В ту минуту, когда умирал дедушка, я целовал Аллу. ”Милый, — шептала она, — а скоро мы понесем заявление в ЗАГС?». Ей очень хотелось замуж. Вместо этого она попала под машину.
Вот так. Хочешь одно — получаешь другое.
За окном лил дождь.
С иконы печально смотрел Иисус Христос. Вечерело. Бесчисленные мошки летели на свет лампы.
— Он так ждал тебя, — вздыхала бабушка. — А ты не приехал.
Наутро я прошёлся по городу. Мало что изменилось. Рядом с роддомом, где я родился, построили больницу, где умер дедушка.
Пустили экскурсионный автобус.
Экскурсовод говорил:
— В нашем городе останавливался Николай Васильевич Гоголь. А теперь посмотрите направо…
Все смотрели направо.
Кладбищенский забор местами лежал на земле. На дешёвеньком надгробии была та же фотография, что и на кухне в рамке. Неужели здесь зарыт мой дедушка?..
По дорожке несли гроб. Женщину в чёрном поддерживали под руки.

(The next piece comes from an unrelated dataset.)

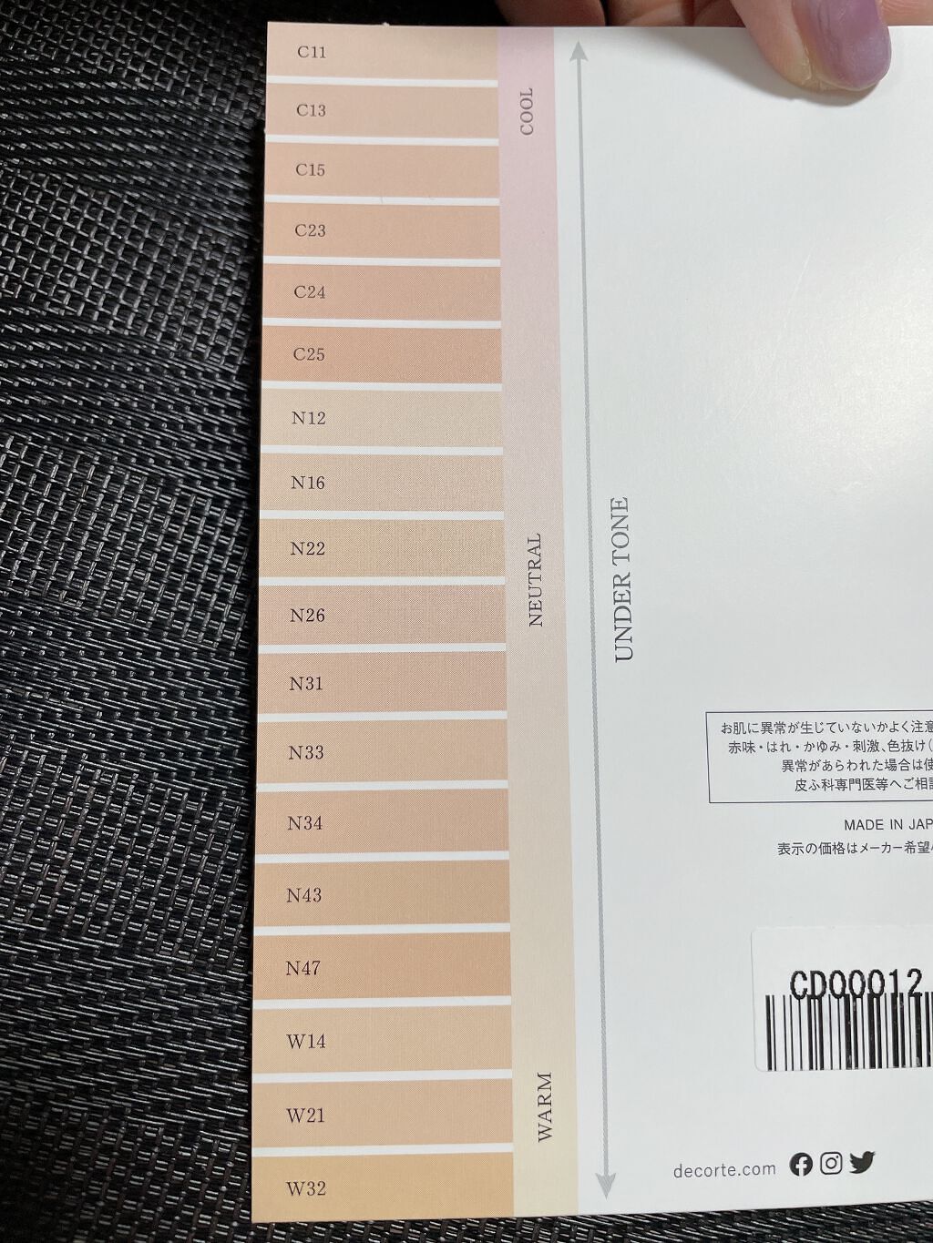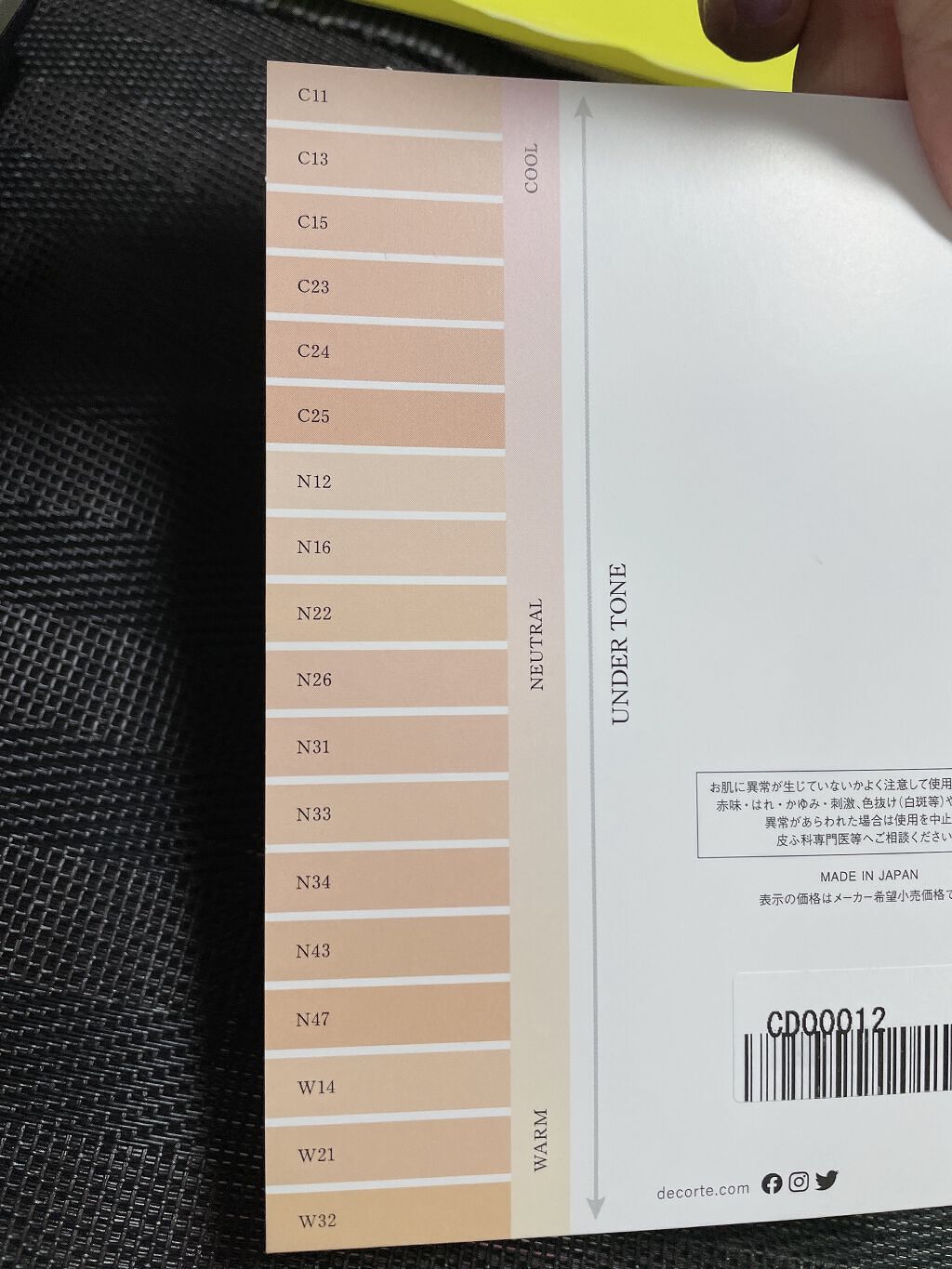 - <C11> 水、シクロメチコン、タルク、ジメチコン、エタノール、トリフルオロアルキルジメチルトリメチルシロキシケイ酸、メトキシケイヒ酸エチルヘキシル、イソノナン酸イソトリデシル、安息香酸アルキル(C12-15)、ビス(PEG/PPG-14/14)ジメチコン、シリカ、アストロカリウムムルムル種子脂、シロキクラゲエキス、ゼニアオイエキス、ダマスクバラ花エキス、テトラヘキシルデカン酸アスコルビル、トコフェロール、ヒアルロン酸Na、マツリカ花エキス、レモン果実エキス、BG、BHT、PEG-9ポリジメチルシロキシエチルジメチコン、(アクリレーツ/アクリル酸エチルヘキシル/メタクリル酸ジメチコン)コポリマー、(チタン/酸化チタン)焼結物、(フッ化/水酸化/酸化)/(Mg/K/ケイ素)、キサンタンガム、ジステアルジモニウムヘクトライト、ジフェニルシロキシフェニルトリメチコン、スクワラン、ステアリン酸、トリエトキシカプリリルシラン、ラウロイルリシン、レシチン、塩化Na、含水シリカ、合成フルオロフロゴパイト、酸化スズ、酸化ポリエチレン、水酸化Al、水添ポリイソブテン、麻セルロース、フェノキシエタノール、香料、酸化チタン、酸化亜鉛、酸化鉄 <C13> 水、シクロメチコン、タルク、ジメチコン、エタノール、トリフルオロアルキルジメチルトリメチルシロキシケイ酸、メトキシケイヒ酸エチルヘキシル、イソノナン酸イソトリデシル、安息香酸アルキル(C12-15)、ビス(PEG/PPG-14/14)ジメチコン、シリカ、アストロカリウムムルムル種子脂、シロキクラゲエキス、ゼニアオイエキス、ダマスクバラ花エキス、テトラヘキシルデカン酸アスコルビル、トコフェロール、ヒアルロン酸Na、マツリカ花エキス、レモン果実エキス、BG、BHT、PEG-9ポリジメチルシロキシエチルジメチコン、(アクリレーツ/アクリル酸エチルヘキシル/メタクリル酸ジメチコン)コポリマー、(チタン/酸化チタン)焼結物、(フッ化/水酸化/酸化)/(Mg/K/ケイ素)、キサンタンガム、ジステアルジモニウムヘクトライト、ジフェニルシロキシフェニルトリメチコン、スクワラン、ステアリン酸、トリエトキシカプリリルシラン、ラウロイルリシン、レシチン、塩化Na、含水シリカ、合成フルオロフロゴパイト、酸化スズ、酸化ポリエチレン、水酸化Al、水添ポリイソブテン、麻セルロース、フェノキシエタノール、香料、酸化チタン、酸化亜鉛、酸化鉄 <C15> 水、シクロメチコン、タルク、ジメチコン、エタノール、トリフルオロアルキルジメチルトリメチルシロキシケイ酸、メトキシケイヒ酸エチルヘキシル、イソノナン酸イソトリデシル、安息香酸アルキル(C12-15)、ビス(PEG/PPG-14/14)ジメチコン、シリカ、アストロカリウムムルムル種子脂、シロキクラゲエキス、ゼニアオイエキス、ダマスクバラ花エキス、テトラヘキシルデカン酸アスコルビル、トコフェロール、ヒアルロン酸Na、マツリカ花エキス、レモン果実エキス、BG、BHT、PEG-9ポリジメチルシロキシエチルジメチコン、(アクリレーツ/アクリル酸エチルヘキシル/メタクリル酸ジメチコン)コポリマー、(チタン/酸化チタン)焼結物、(フッ化/水酸化/酸化)/(Mg/K/ケイ素)、キサンタンガム、ジステアルジモニウムヘクトライト、ジフェニルシロキシフェニルトリメチコン、スクワラン、ステアリン酸、トリエトキシカプリリルシラン、ラウロイルリシン、レシチン、塩化Na、含水シリカ、合成フルオロフロゴパイト、酸化スズ、酸化ポリエチレン、水酸化Al、水添ポリイソブテン、麻セルロース、フェノキシエタノール、香料、酸化チタン、酸化亜鉛、酸化鉄 <C23> 水、シクロメチコン、タルク、ジメチコン、エタノール、トリフルオロアルキルジメチルトリメチルシロキシケイ酸、メトキシケイヒ酸エチルヘキシル、イソノナン酸イソトリデシル、安息香酸アルキル(C12-15)、ビス(PEG/PPG-14/14)ジメチコン、シリカ、アストロカリウムムルムル種子脂、シロキクラゲエキス、ゼニアオイエキス、ダマスクバラ花エキス、テトラヘキシルデカン酸アスコルビル、トコフェロール、ヒアルロン酸Na、マツリカ花エキス、レモン果実エキス、BG、BHT、PEG-9ポリジメチルシロキシエチルジメチコン、(アクリレーツ/アクリル酸エチルヘキシル/メタクリル酸ジメチコン)コポリマー、(チタン/酸化チタン)焼結物、(フッ化/水酸化/酸化)/(Mg/K/ケイ素)、キサンタンガム、ジステアルジモニウムヘクトライト、ジフェニルシロキシフェニルトリメチコン、スクワラン、ステアリン酸、トリエトキシカプリリルシラン、ラウロイルリシン、レシチン、塩化Na、含水シリカ、合成フルオロフロゴパイト、酸化スズ、酸化ポリエチレン、水酸化Al、水添ポリイソブテン、麻セルロース、フェノキシエタノール、香料、酸化チタン、酸化亜鉛、酸化鉄 <C24> 水、シクロメチコン、タルク、ジメチコン、エタノール、トリフルオロアルキルジメチルトリメチルシロキシケイ酸、メトキシケイヒ酸エチルヘキシル、イソノナン酸イソトリデシル、安息香酸アルキル(C12-15)、ビス(PEG/P

— Кто умер в этом году — не умрёт в следующем, — подмигнул мне пьяненький мужчина, замыкающий похоронную процессию.
В автобусе на спинке сиденья было нацарапано: ”Так ли мы живём?..»
Слева от меня сидел экскурсовод.
— А зачем Гоголь здесь останавливался? — спросил я у него.
— Бричка у него сломалась, — ответил экскурсовод.
За автобусом тянулся шлейф пыли. Лаяла собака.
Стоял обшарпанный неизвестный солдат у вечного огня, который погас…
Мы въехали на центральную площадь.
Большой щит пестрел от красных цифр. С трех огромных портретов сам на себя важно смотрел Брежнев. Садилось солнце. Вспоминалась Алла.
— Мне пора, — сказала она, не трогаясь с места.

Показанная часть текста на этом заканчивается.